Tuesday, December 1, 2009

Beach Boys Cover Reviews: Surfin' USA (1963)


1963 was a big year for the Beach Boys. They released three albums, two of which would go gold (including this one), and one (Little Deuce Coupe) which would go platinum. I guess you could say this was the year they really made it. And they made a lot of music, very quickly. Which brings us to their second album, Surfin' USA.

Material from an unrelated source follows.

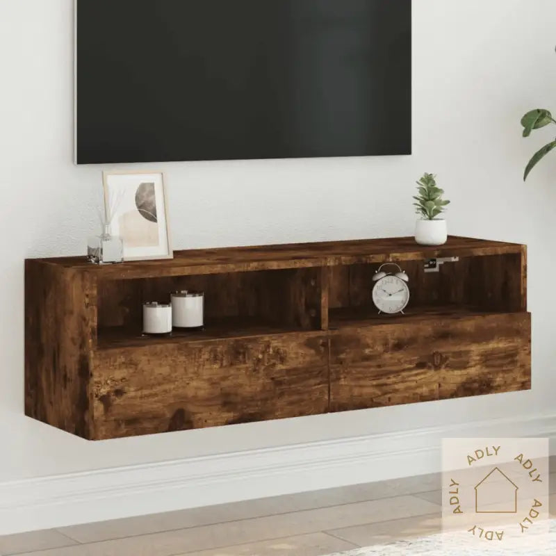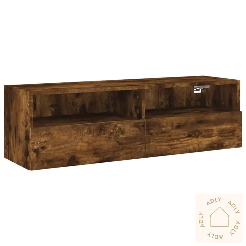 Slitesterkt materiale: Benken er laget av konstruert tre, noe som gir både høy kvalitet og solid styrke. Den glatte overflaten er lett å holde ren, og materialet tåler fuktighet godt—noe som gir deg en TV-benk som holder seg pen over tid sammen med resten av møbler til hjemmet ditt.Praktisk lagringsplass: Du får to hyller og to rom med dører, perfekte til å samle alt fra bøker, fjernkontroller, DVDer, magasiner eller andre småting. Dette gir deg bedre orden og gjør at du enkelt kan holde oversikt over favorittene dine.Plassbesparende veggmontering: Siden benken monteres på veggen sparer du ikke bare gulvplass, men gir også et stilrent uttrykk i rommet. Alt ser mye mer organisert ut, samtidig som det gir ekstra plass til andre møbler eller hagemøbler hvis du har en åpen løsning mot terrasse eller uteplass.Godt å vite:

Apparently in the five months since their first album, the Beach Boys became "The No. 1 Surfing Group in the Country." The cover proclaims this, assuming that maybe you would miss the perfect-wave portrait on the front, the band's name, or the bright yellow "SURFIN'USA" gracing the cover. This claim is actually kind of charming now, as it goes against everything album covers became. Back in 1963, they were still pretty utilitarian. It also reminds me of the mid-late 00s trend of putting 3x4" "FOR FANS OF" stickers on post-hardcore commercialcore also-ran bands' cds. Anyway, this claim to surfing-band supremacy alludes to a surfing-band war which may or may not have actually happened. If it did, this cover is the only real vestige of that months-long battle. So it gets points for that.

But what else could it really get points for? Assuming Wikipedia is to be believed (my copy of Keith Badman's indefensible book Beach Boys is out of town, so I can't double check it), this album came out on March 25th, 1963. I would then venture to guess this cover was whipped up around March 24th at about 11:37PM. A guy at Capitol probably spent about ten minutes finding the good-enoughest cheap surf photo he could (no offense to cover photographer John Severenson), added that pretty cool blue border around it, and then sent it to the factory to print up.

I can say that the scan up there looks much better than the actual copy I have at home, but I still don't think it really works either way. It captures the act of surfing, but nothing about the contagious youth and charisma of the band itself in 1963, something the first album did quite well. It looks like it could just as well be a slapped-together collection of cut-rate surf jams by various nobodies rather than the work of a very talented group. Especially when trying to establish a new band into the rock market of the day, the decision not to picture them on the front cover just seems wrong. Despite all of the VERY BIG PRINT on the cover, it seems anonymous on the whole. It hits the mark trying to capitalize on a craze, but misses altogether trying to capitalize on a group, which seems much more important. And as a fan of the group, it is just disappointing. They probably didn't look much different a few months after the first release, but it would still be fun to see them looking like the Beach Boys.

The cover has a little bit of hokey charm to it, but almost no charisma. I don't think it probably worked well then, and it definitely doesn't work now. This is a real misstep, but with the turnaround time of albums in the early days of mainstream rock music, it's kind of a forgettable mistake. It's not awful, but it's not much, either. I give it 2 out of 5, or a vaguely homeless-looking later Dennis Wilson on the Beach Boys Beard scale.